## [Input]
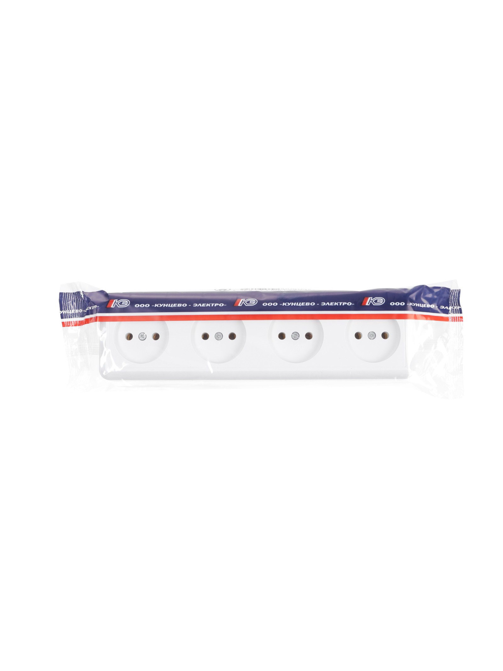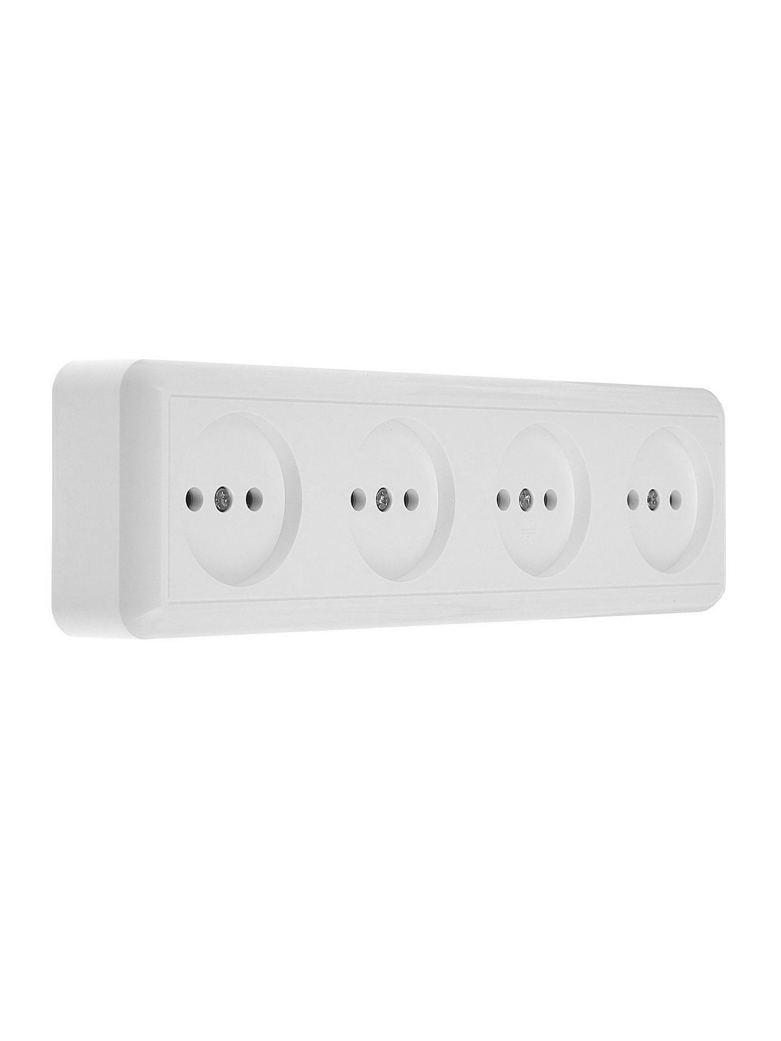 Розетка Оптима, четырехместная, 16 А, 250 В, без з/к, наружная, белая, Кунцево, Россия
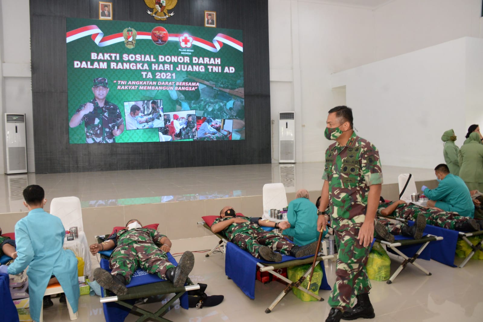 BANJARMASIN – Korem 101/Antasari menggelar kegiatan bakti sosial donor darah, dalam rangka menyambut Hari Juang TNI AD 15 Desember, di Aula Korem 101/Antasari, Banjarmasin, Kamis (9/12/2021).
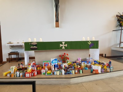 At our Harvest Festival Thanksgiving Service on Sunday morning 7th October a large selection of food, cleaning and toiletries items were collected together on the altar steps and later distributed between the Two Saints Centre Fareham and Waterlooville Food Bank. After the service we enjoyed a “bring and share” parish harvest lunch in the church hall.
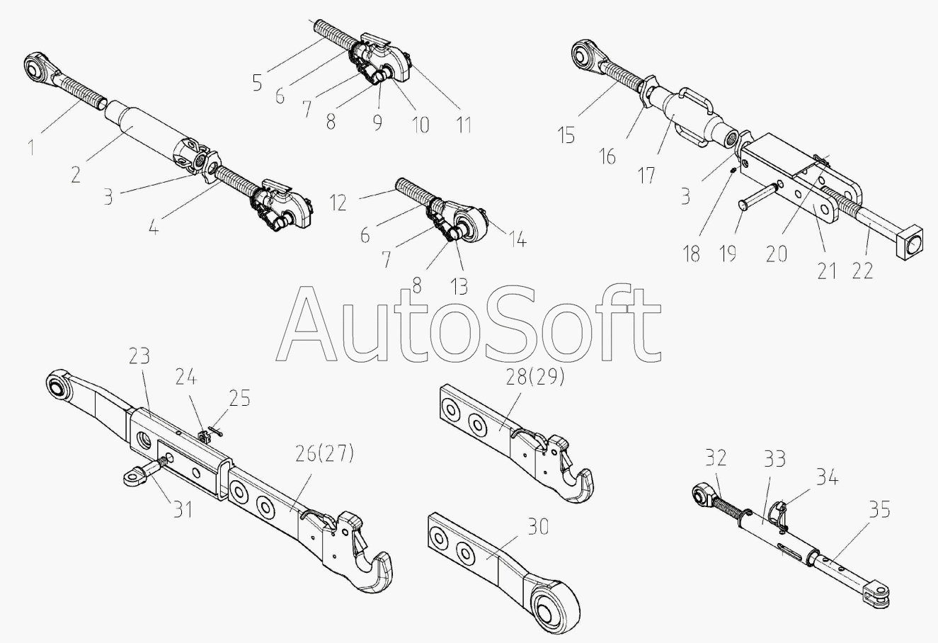 Ось тяг нижней задней навески | |
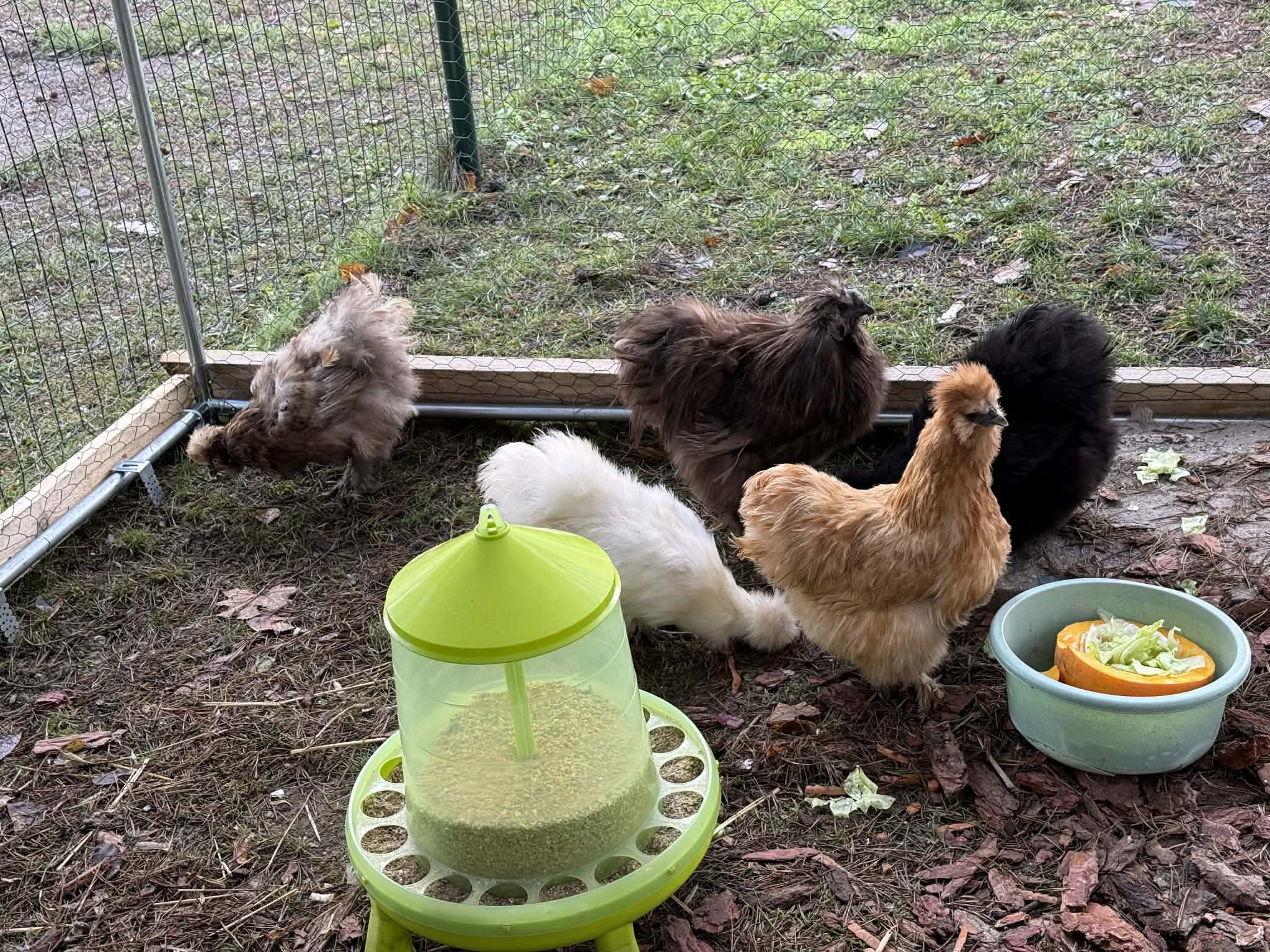 Jde o plemeno hedvábniček, které je pro tento účel ideální, protože nelétá, nehrabe jako ostatní plemena slepic, má klidnou povahu a nechá se snadno ochočit.

## [Brief]
An exact copy of the listing is required, with every image removed.

## [Solution]
 Розетка Оптима, четырехместная, 16 А, 250 В, без з/к, наружная, белая, Кунцево, Россия
 BANJARMASIN – Korem 101/Antasari menggelar kegiatan bakti sosial donor darah, dalam rangka menyambut Hari Juang TNI AD 15 Desember, di Aula Korem 101/Antasari, Banjarmasin, Kamis (9/12/2021).
 At our Harvest Festival Thanksgiving Service on Sunday morning 7th October a large selection of food, cleaning and toiletries items were collected together on the altar steps and later distributed between the Two Saints Centre Fareham and Waterlooville Food Bank. After the service we enjoyed a “bring and share” parish harvest lunch in the church hall.
 Ось тяг нижней задней навески | |
 Jde o plemeno hedvábniček, které je pro tento účel ideální, protože nelétá, nehrabe jako ostatní plemena slepic, má klidnou povahu a nechá se snadno ochočit.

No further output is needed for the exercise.